Промышленная политика Петра
Таким образом, в России конца XVII века были налицо необходимые условия для развития крупного производства, были капиталы — хотя, отчасти, и иностранные, — был внутренний рынок, были свободные рабочие руки. Всего этого слишком достаточно, чтобы не сравнивать петровских фабрик с искусственно выгнанными тепличными растениями. И, однако же, крах петровской крупной промышленности — такой же несомненный факт, как и все вышеприведенное. Основанные при Петре мануфактуры лопнули одна за другой, и едва десятая часть их довлачила свое существование до второй половины XVIII века. Присматриваясь ближе к этому первому в русской истории промышленному кризису, мы, однако, видим, что и он был как нельзя более естественным — и объясняется именно тем, чем объясняли часто в прежнее время возникновение крупной промышленности при Петре.
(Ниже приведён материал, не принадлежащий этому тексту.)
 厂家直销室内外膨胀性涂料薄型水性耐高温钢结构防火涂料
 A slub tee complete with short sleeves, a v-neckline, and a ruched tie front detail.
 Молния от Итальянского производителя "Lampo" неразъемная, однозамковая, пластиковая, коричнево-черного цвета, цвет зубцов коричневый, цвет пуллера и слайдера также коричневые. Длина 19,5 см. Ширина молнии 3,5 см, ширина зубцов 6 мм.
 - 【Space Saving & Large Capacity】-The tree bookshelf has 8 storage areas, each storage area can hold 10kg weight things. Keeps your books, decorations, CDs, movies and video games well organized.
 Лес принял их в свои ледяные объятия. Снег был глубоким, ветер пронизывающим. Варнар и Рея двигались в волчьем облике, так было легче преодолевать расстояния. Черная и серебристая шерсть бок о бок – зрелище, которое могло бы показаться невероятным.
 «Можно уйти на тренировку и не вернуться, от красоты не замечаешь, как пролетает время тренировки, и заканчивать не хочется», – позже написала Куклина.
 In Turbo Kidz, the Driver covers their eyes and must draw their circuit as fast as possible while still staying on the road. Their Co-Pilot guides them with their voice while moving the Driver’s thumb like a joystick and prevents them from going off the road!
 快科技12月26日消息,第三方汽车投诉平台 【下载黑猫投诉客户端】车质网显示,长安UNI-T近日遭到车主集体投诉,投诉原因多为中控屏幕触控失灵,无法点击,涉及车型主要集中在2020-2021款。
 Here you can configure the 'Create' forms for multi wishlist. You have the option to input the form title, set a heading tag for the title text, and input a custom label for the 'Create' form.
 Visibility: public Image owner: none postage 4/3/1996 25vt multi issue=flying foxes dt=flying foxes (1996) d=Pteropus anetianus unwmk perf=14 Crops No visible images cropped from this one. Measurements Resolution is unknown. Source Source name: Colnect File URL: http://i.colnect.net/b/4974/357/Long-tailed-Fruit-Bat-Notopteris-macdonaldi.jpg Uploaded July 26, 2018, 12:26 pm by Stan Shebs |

Совершенно ошибочно мнение, будто политические условия форсировали развитие русского капитализма XVII–XVIII веков; но что политическая оболочка дворянского государства помешала этому капитализму развиться, это вполне верно. Самодержавие Петра и здесь, как в других областях, создать ничего не сумело, но разрушило многое: история петровских мануфактур в этом отношении дает полную параллель к картине того административного разгрома, которую так хорошо изобразил в своей книге г. Милюков.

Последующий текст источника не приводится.